What is required
Restate each line below word for word, skipping every picture.

Task material
▼

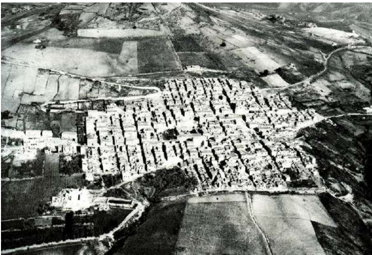
Fig. 2. Poggioreale antica, veduta aerea nel periodo successivo al sisma. Gli effetti principali della scossa sono evidenti nella parte più bassa dell'insediamento, al limite del contesto urbano.

interno da parte della nobiltà siciliana. Più precisamente, la sua fondazione risale al 17 maggio 1642, quando con decreto del viceré di Sicilia il marchese Morso ottenne la licentia populandi per fondare una città nuova nei pressi del feudo Bagnitelli, dove egli deteneva un palazzo-masseria adoperato per il diletto e per la caccia. La città, da piccolo centro agricolo, avrà un notevole sviluppo negli anni, tale da diventare un centro urbano definito nella sua conformazione territoriale e nelle strutture pubbliche presenti 6 . L'evento del 1968, una sequenza sismica che raggiunse il suo culmine
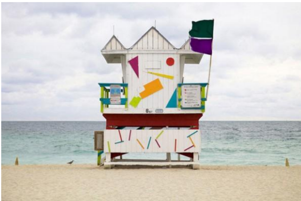
Figura 13 fotografia, Leo Caillard

Leo Caillard também se relaciona dessa forma com alguns movimentos artísticos. Fotografa construções, retratando os postos de salva vidas nas praias de Miami, nos Estados Unidos.
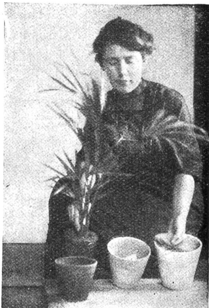
Der neue Topf erhält eine Bodenlage von kleinen Scherben und Sand.

Unsere Zimmerpflanzen, die in den engen Töpfen nur wenig Raum zur Entwicklung haben, müssen, dem Wachstum der einzelnen Arten entsprechend, von Zeit zu Zeit versetzt werden. Durch leichtes Aufklopfen des Topfrandes an eine Tischkante hebt man die Pflanze aus ihrem Topf (siehe Abbildung); hat sie rings um den Ballen nichts als Wurzeln, so ist es Zeit, ihr einen grösseren Topf zu geben. Bevor man zum Verpflanzen schreitet verschaffe man sich die nötigen
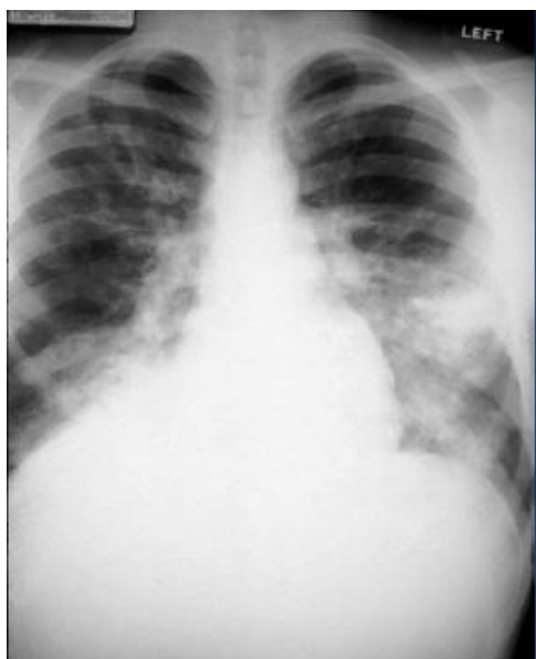
Obr. II: Výškový otok plic
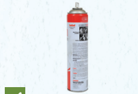
✓ nge'esi kapa fana faito'o (aerosols)

Ko e ngaahi veve eni 'e 'ikai tali ke fa'o mai he pini 'o e veve ke toe faka'aonga'i
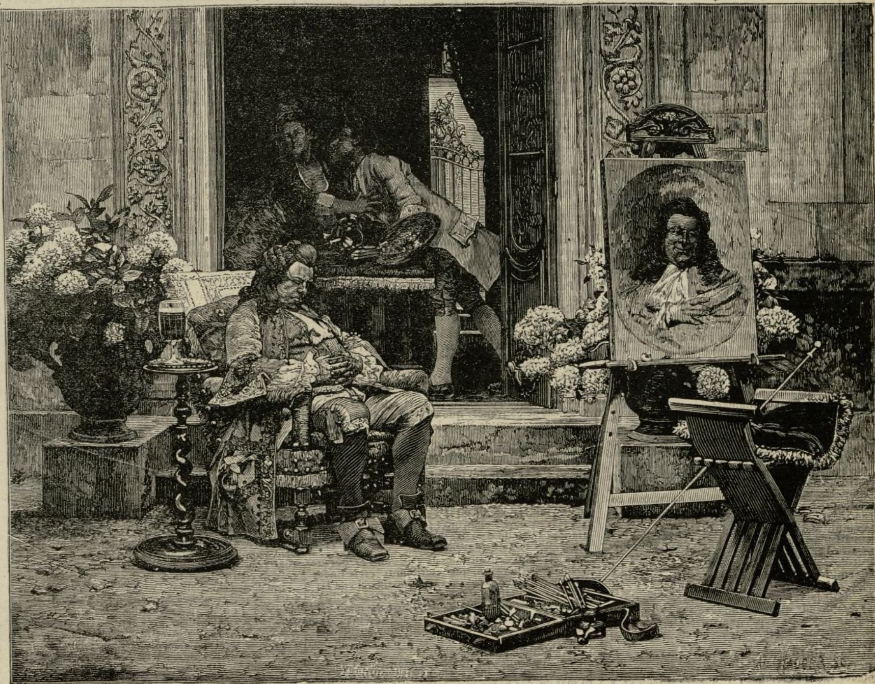
EL DESCANSO DEL PINTOR.—(Cuadro de M. Vibert.)
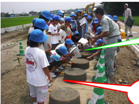
土に触れてみよう
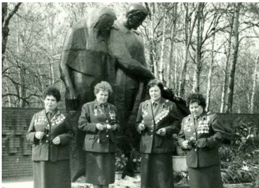
Рис. 1. Участницы Великой Отечественной войны (1941–1945 гг.), боевые подруги на площади Памяти. Групповой портрет. г. Тюмень. [1975]. Автор съемки не установлен. ГБУТО ГАСПИТО. Ф. 4063. Оп. 1. Д. 44.

Несмотря на проведенные работы, в 1982 г. оставалась актуальной проблема его сохранения памятника, а также формирования и благоустройства прилегающей территории. В источнике отмечено, что «братская могила умершим от ран в госпиталях не имеет постоянного шефа, нет надлежащего ухода, необходимо данный памятник отделить от зоны городского кладбища» [6, л. 27].
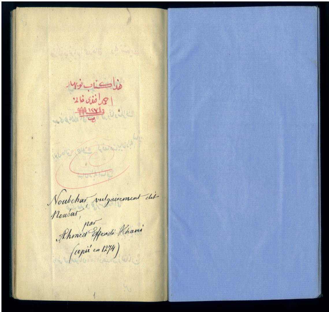
Pêvek 2: Ji destnivîsa Kurd 22 , wereqa (1b) ku bergê hundur e û navên berhemê bi Erebî û Fransî hatiye nivîsîn.

▲

Task answer
Fig. 2. Poggioreale antica, veduta aerea nel periodo successivo al sisma. Gli effetti principali della scossa sono evidenti nella parte più bassa dell'insediamento, al limite del contesto urbano.

interno da parte della nobiltà siciliana. Più precisamente, la sua fondazione risale al 17 maggio 1642, quando con decreto del viceré di Sicilia il marchese Morso ottenne la licentia populandi per fondare una città nuova nei pressi del feudo Bagnitelli, dove egli deteneva un palazzo-masseria adoperato per il diletto e per la caccia. La città, da piccolo centro agricolo, avrà un notevole sviluppo negli anni, tale da diventare un centro urbano definito nella sua conformazione territoriale e nelle strutture pubbliche presenti 6 . L'evento del 1968, una sequenza sismica che raggiunse il suo culmine
Figura 13 fotografia, Leo Caillard

Leo Caillard também se relaciona dessa forma com alguns movimentos artísticos. Fotografa construções, retratando os postos de salva vidas nas praias de Miami, nos Estados Unidos.
Der neue Topf erhält eine Bodenlage von kleinen Scherben und Sand.

Unsere Zimmerpflanzen, die in den engen Töpfen nur wenig Raum zur Entwicklung haben, müssen, dem Wachstum der einzelnen Arten entsprechend, von Zeit zu Zeit versetzt werden. Durch leichtes Aufklopfen des Topfrandes an eine Tischkante hebt man die Pflanze aus ihrem Topf (siehe Abbildung); hat sie rings um den Ballen nichts als Wurzeln, so ist es Zeit, ihr einen grösseren Topf zu geben. Bevor man zum Verpflanzen schreitet verschaffe man sich die nötigen
Obr. II: Výškový otok plic
✓ nge'esi kapa fana faito'o (aerosols)

Ko e ngaahi veve eni 'e 'ikai tali ke fa'o mai he pini 'o e veve ke toe faka'aonga'i
EL DESCANSO DEL PINTOR.—(Cuadro de M. Vibert.)
土に触れてみよう
Рис. 1. Участницы Великой Отечественной войны (1941–1945 гг.), боевые подруги на площади Памяти. Групповой портрет. г. Тюмень. [1975]. Автор съемки не установлен. ГБУТО ГАСПИТО. Ф. 4063. Оп. 1. Д. 44.

Несмотря на проведенные работы, в 1982 г. оставалась актуальной проблема его сохранения памятника, а также формирования и благоустройства прилегающей территории. В источнике отмечено, что «братская могила умершим от ран в госпиталях не имеет постоянного шефа, нет надлежащего ухода, необходимо данный памятник отделить от зоны городского кладбища» [6, л. 27].
Pêvek 2: Ji destnivîsa Kurd 22 , wereqa (1b) ku bergê hundur e û navên berhemê bi Erebî û Fransî hatiye nivîsîn.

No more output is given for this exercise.